Mullā Ṣadrā (c. 1572–1640) is one of the most prominent figures of later Islamic philosophy and among the most important philosophers of Safavid Persia. He presented a unified and integrated vision of reality at every ontological level—from God, to the universe, to the human state—that made the most of Islam’s native commitment to absolute monotheism. His school of thought drew from preceding philosophical, mystical, and theological traditions, integrating aspects of them into a new synthesis that Ṣadrā called al-ḥikmat al-mutaʿāliyah—”metaphysical philosophy” or “transcendent wisdom.”

His most important contribution to Islamic philosophy was in the study of existence (wujūd) and its application to such areas as cosmology, epistemology, psychology, eschatology, and, crucially, theology. Ṣadrā represented a paradigm shift from the Aristotelian metaphysics of fixed substances to the analysis of existence as the ultimate ground and dynamic source of all things. This “primacy of existence” and its theological implications are the central themes of the Kitāb al-mashāʿir, or The Book of Metaphysical Penetrations which has just been published by the Neal A. Maxwell Institute’s Middle Eastern Text Initiative. ((See here to learn more about how this series helps fulfill the Maxwell Institute’s mission.)) Because of its concise nature, generations of scholars and masters of Islamic philosophy have resorted to it as a textbook in their advanced courses, producing numerous commentaries and summaries of its profound content. Now, two leading scholars of the Sadrean tradition have combined their expertise to make this work accessible to specialists and students alike.

A prominent Islamic philosopher, Seyyed Hossein Nasr (PhD, Harvard University) is professor of Islamic Studies at The George Washington University. The author of numerous books and articles, Dr. Nasr writes and lectures widely in the fields of Islamic esoterism, Sufism, philosophy of science, and metaphysics. (He spoke at BYU in 2012.) He was born in Iran and was given a classical Islamic education there, studying under eminent masters of the Persian Islamic tradition. As he writes in the introduction to Metaphysical Penetrations, the method of study involved students and teacher reading texts together and then the teacher offering additional exposition of the material, based on the oral tradition that had been handed down to him. After many years of training in Iran and his subsequent immigration to the United States, Professor Nasr began teaching at The George Washington University where—in addition to teaching regular university classes—he assumed the role of instructor by re-creating the traditional Islamic method of reading and commenting on texts in informal settings with a select group of his students. One of these students was Ibrahim Kalin, and one of the texts they read together was the Kitāb al-mushāʿir. Now, many years later, Kalin, a scholar in his own right, has gathered the English translation that Nasr produced of this text during those readings, added a substantial introduction and a scholarly apparatus, and prepared the text for publication in the Islamic Translation Series.

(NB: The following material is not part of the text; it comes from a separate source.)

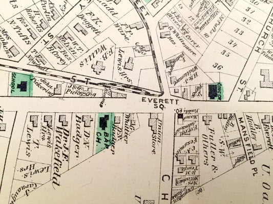 Antique 1875 Everett, Massachusetts Map from J.B. Beers Atlas of Middlesex County – Belmont Hills, Mount Washington, Mystic River, Woodlawn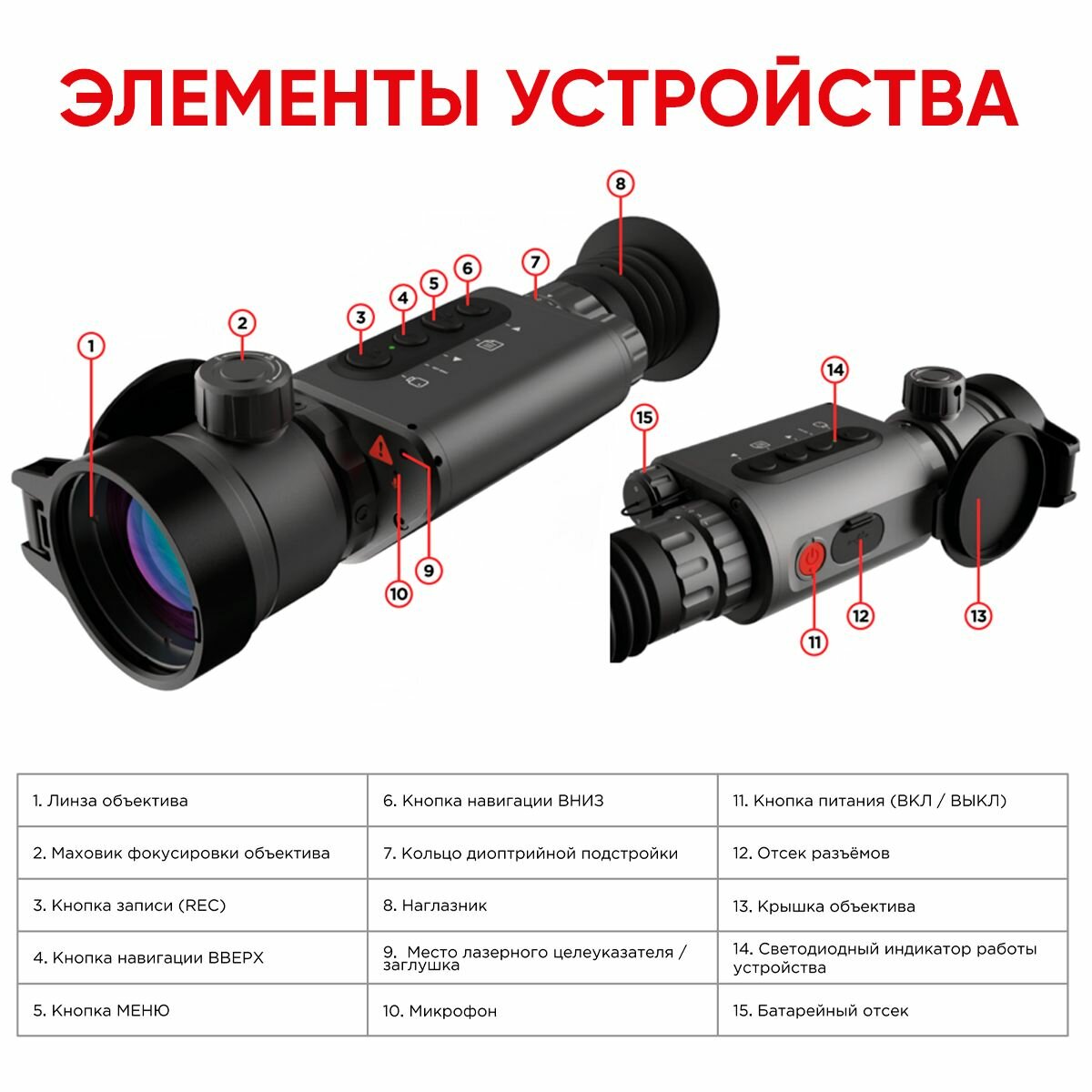 влагозащита, дальномер, защита от пыли, лазерный целеуказатель, отстройка параллакса, подсветка, подстройка диоптрий, прицельная сетка, с баллистическим калькулятором, ударопрочный корпус, элементы питания в комплекте

Dr. Ibrahim Kalin (PhD, The George Washington University) is a broadly trained scholar of Islamic studies who concentrates on post-Avicennan Islamic philosophy with research interests in comparative philosophy, Muslim-Christian relations, and modern Turkish history. As a fellow at the Prince Alwaleed Center for Muslim-Christian Understanding, Georgetown University, he is a has published widely on Islamic philosophy and the relations between Islam and the West. He also serves as deputy undersecretary, Turkish Prime Ministry. In addition to his scholarly contributions to The Book of Metaphysical Penetrations, he is the author of two scholarly monographs on Mullā Ṣadrā

As for Mullā Ṣadrā himself, he was intimately familiar with and profoundly influenced by all of the major Islamic approaches to knowledge and praxis that preceded him. First, as a result of his early training, he was more deeply versed than most of his philosophical predecessors in the foundational Islamic texts themselves—the Qurʾān and Ḥadith, as well as the Shi’ite and Sunni jurisprudential and theological systems that derived from them. Next, he was trained by the foremost philosopher of his day, Mir Dāmād, who exposed him to the full range of peripatetic-Islamic philosophy. Mullā Ṣadrā composed a summary of Ibn Sīnā’s magnum opus of philosophy, the The Healing, as well as a major commentary on the seminal work by Suḥrawarī, The Philosophy of Illumination, which had initiated a new theosophical movement of which Metaphysical Penetrations is an outgrowth. Finally, Mullā Ṣadrā was trained in the mystical tradition of the Sufis as evidenced by his frequent paraphrases and quotations from such luminaries of that tradition as Ibn ʿArabi, Aṭṭar, and Rūmī. It is widely acknowledged by scholars of the Islamic tradition that in the breadth of his training and in his own intellectual acumen, Mullā Ṣadrā eclipsed that of his very able teachers, rightly earning the attention and respect of succeeding generations down to the present day.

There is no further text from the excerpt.